Ксения дуется, у нее одна мишень и забота — он, Луговой. А была бы у них, положим, дочь — как эта Валерия, носила бы в себе горе-беду, таилась бы ото всех, убегала в майке в сад, отбивалась бы от какого-нибудь Степана. Вот тогда бы, тогда… А то — рыбья кровь и частые мысли: зачем всё?.. зачем?..

— То-то, Ксюша! И не глянула бы на меня, не до того было бы, — схватив Ксению за предплечье, глупо хихикнул он.

Жена недоуменно посмотрела ему в глаза — и взгляд проник вовнутрь, к самой середке, и что-то болезненное разворошил там и оцарапал. И тогда, наклонившись и выдохом потревожив чуткую прядь у ее уха, Луговой шепнул с той безжалостностью, с какой все чаше думал о жене в последние годы:

— А ничего были бы у нас дети, — и снова хихикнул, зачем-то показывая глазами на племянников по ту сторону стола.

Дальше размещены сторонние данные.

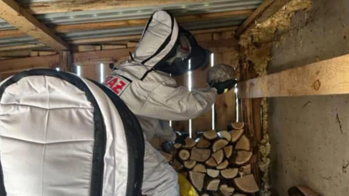 Strażacy, wyposażeni w specjalne kombinezony ochronne, usunęli dużych rozmiarów gniazdo z pomieszczenia.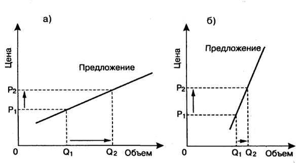 Рис. 1.1. Эластичность предложения по цене: а) эластичное предложение; б) неэластичное предложение

— Коля, Коленька! Да что же это: никто не слушает, — услышал, наконец, Луговой и, подняв голову, встретился с болезненно-чуткими, какие обычно бывают у людей близоруких, глазами Екатерины.

«А, блаженная!» — доброжелательно покивал сестре, соображая, чем она, собственно, занята и что хочет от него.

— Вот их свадебная фотография, — передала невестке пожелтевший кусок картона Екатерина, одновременно с укоризной глядя на Лугового. — Дома еще не было. Была времянка — там, где теперь сарай и летняя кухня. Слепленая из самана, крохотная — одна комнатка и тамбур. Мама говорила, Мирон родился во времянке; там же едва не умер от менингита.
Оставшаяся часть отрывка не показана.